My folks moved house some time after I had left home. During the move my mother found the toy covered in dust on the wardrobe. In the aftermath of my grandmother’s death she had forgotten all about it. In fact so had I. She told me it was something I should have been given when I was very little, but it had been in grandfather’s shed when he died. It was a child’s toy but at the time it didn’t seem to matter that I was much too old for it; it did. At the age of ten you adopt an air of maturity that you have absolutely no right to.
Now I have my own child, I see that toy every day. My daughter puts her dolls astride it, and pushes them around and never seems to tire finding new uses for it, and new ways of enjoying it. There’s something timeless and classic about its simplicity. There are somethings you know will always be with you and yours, they’re a keeper.
One winter’s evening I asked my mother where her mother had bought it?
‘It wasn’t bought,’ she said, ‘it was one of your grandfather’s projects,’ and began to explain.
My grandfather, who was a handyman, was repairing a customer’s fence when he noticed something in the adjoining garden. He would repair and repaint anything that he thought he could bring back to life, anything that might come in useful or bring pleasure. A neighbour had started a bonfire but almost immediately a shower had doused the flames and given my grandfather the opportunity to remove from it something he thought he might give to a grandchild one day.
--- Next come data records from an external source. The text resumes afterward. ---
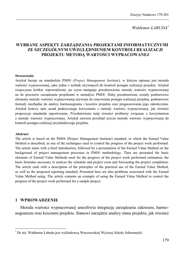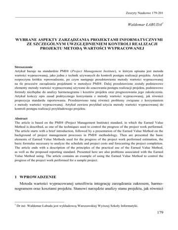 Zeszyty Naukowe 179-201 Waldemar ŁABUDA1 WYBRANE ASPEKTY ZARZĄDZANIA PROJEKTAMI INFORMATYCZNYMI ZE SZCZEGÓLNYM UWZGLĘDNIENIEM KONTROLI REALIZACJI PROJEKTU METODĄ WARTOŚCI WYPRACOWANEJ Streszczenie Artykuł bazuje na standardzie PMI® (Project Management Institute), w którym opisana jest metoda wartości wypracowanej, jako jedna z technik używanych do kontroli postępu realizacji projektu. Artykuł rozpoczyna krótkie wprowadzenie, po czym następuje przedstawienie metody wartości wypracowanej na tle procesów zarządzania projektami w metodyce PMI®. Dalej przedstawione zostały podstawowe elementy metody wartości wypracowanej używane do szacowania postępu realizacji projektu, podstawowe formuły niezbędne do analizy harmonogramu i kosztów projektu oraz prognozowania jego zakończenia. Artykuł kończy opis zasad praktycznego korzystania z metody wartości wypracowanej, jak również propozycja standardu raportowania. Przedstawiono tutaj również problemy związane z korzystaniem z metody wartości wypracowanej. Artykuł zawiera przykład użycia metody wartości wypracowanej do kontroli postępu realizacji przykładowego projektu. Abstract The article is based on the PMI® (Project Management Institute) standard, in which the Earned Value Method is described, as one of the techniques used to control the progress of the project work performed. The article starts with a brief introduction, followed by a presentation of the Earned Value Method on the background of project management processes in PMI® methodology. Then are presented the basic elements of Earned Value Methods used for the progress of the project work performed estimation, the basic formulas necessary to analyze the schedule and project costs and forecasting the project completion. The article ends with a description of the principles of the practical use of the Earned Value Method, as well as the proposed reporting standard. Presented here are also problems associated with the Earned Value Method using. The article contains an example of using the Earned Value Method to control the progress of the project work performed for a sample project. 1 WPROWADZENIE Metoda wartości wypracowanej umożliwia integrację zarządzania zakresem, harmonogramem oraz kosztami projektu. Stanowi narzędzie analizy stanu projektu, jak również 1 Dr inż. Waldemar Łabuda jest wykładowcą Warszawskiej Wyższej Szkoły Informatyki. 179 Waldemar Łabuda pozwala na prognozowanie realizacji projektu w przyszłości. Pozwala na uzyskanie odpowiedzi na kluczowe dla sukcesu projektu pytania, na przykład takie jak: Czy realizacja projektu wyprzedza planowany harmonogram, czy też projekt jest opóźniony? Jak efektywnie zrealizować zadania zaplanowane w harmonogramie projektu? Jak efektywnie zrealizować pozostające do wykonania zadania w harmonogramie projektu? Czy projekt jest realizowany poniżej, czy też powyżej planowanego budżetu? W jaki sposób efektywnie wykorzystać dostępne w projekcie zasoby? Jaki będzie prognozowany koszt realizacji projektu? Kiedy realizacja projektu może być zakończona? Jeśli projekt jest opóźniony i/lub realizowany powyżej zaplanowanego budżetu, kierownik projektu może korzystać z metody wartości wypracowanej dla identyfikacji: Gdzie pojawiają się problemy? Czy są to problemy krytyczne, czy też nie? Jakie działania korekcyjne powinny być podjęte? Przed wprowadzeniem metody wartości wypracowanej kierownicy projektów byli zobowiązani do pomiaru stanu realizowanych przez siebie projektów bazując na diagramie Gantta i analizie ścieżki krytycznej (CPM – Critical Path Method), jak również analizie różnic pomiędzy planowanymi a aktualnymi kosztami (brak korelacji pomiędzy tymi sposobami pomiaru postępów projektu). Podczas, gdy reagowanie na problemy pojawiające się podczas realizacji projektu ma kluczowe znaczenie dla jego sukcesu. Szybka identyfikacja, analiza oraz wybór odpowiednich działań korygujących sprawią, że rosną szanse na realizację projektu na czas i w zaplanowanym budżecie. Metoda wartości wypracowanej (EVM – Earned Value Method) stanowi najbardziej efektywne narzędzie pomiaru realizacji projektu, a tym samym kontroli jego realizacji. Korzystanie z metody wartości wypracowanej umożliwia kierownikom projektów zamknięcie cyklu zarządzania projektem według Deminga PDCA (PDCA - Plan-Do-CheckAct). Warunkiem stosowania metody wartości wypracowanej jest przygotowanie przed zainicjowaniem projektu planu kierowania projektem oraz szczegółowego wartościowania zasobów pracy. Każdy projekt, który posiada strukturalny plan pracy (WBS – Work Breakdown Structure), zdefiniowaną strukturę kosztów i odpowiedni system zbierania danych, może korzystać z metody wartości wypracowanej. Metoda wartości wypracowanej może być przydatna dla projektów charakteryzujących się następującymi cechami: 180 Wybrane aspekty zarządzania projektami informatycznymi… Posiadają jasno zdefiniowany cel i ścieżkę jego osiągnięcia. Pomiary postępu realizacji projektu bazują na planie kierowania projektem, który obejmuje realizację projektu od początku do osiągnięcia celu (projekty badawcze nie mogą być szczegółowo zaplanowane z powodu dużego obszaru niepewności, inne korzystają z pojawiających się okazji np. sprzedaży dla podmiotów zewnętrznych). Bez zdefiniowanego planu niemożliwe jest stosowanie metody wartości wypracowanej. Prace cechują się dużą pracochłonnością i realizowane są przez dłuższy czas. Pomiar postępu realizacji projektu wymaga procesów planowania, monitorowania oraz zbierania i analizy danych. Tygodnie lub miesiące mogą być niezbędne dla uzyskania dokładnych danych. Jeśli czas realizacji projektu jest krótki w porównaniu z cyklem raportowania, wtedy dane do pomiaru postępu realizacji projektu mogą się nie nadawać do bieżącej jego kontroli (mogą posiadać wartość statystyczną i histo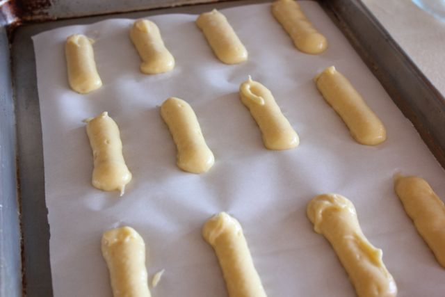 Fill the piping bag with the pastry and pipe out long tubes of about 3"(8cm)
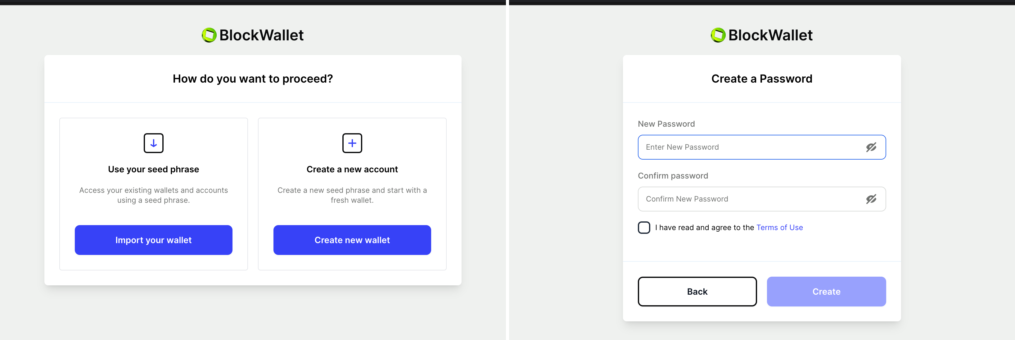 Choose [Create a new wallet] and set a strong password for your BlockWallet wallet.

No sooner had he returned to his work than the bonfire burst into flames.
In his shed he scraped away the wood that was charred, put on a new tail and a mane, painted it like new and even replaced a wheel that was missing. There, in his shed, it waited for a grandchild to claim it, but not before he died. Grandmother had forgotten all about it, only when she died did my mother remember for whom the wooden horse had been rescued from the flames.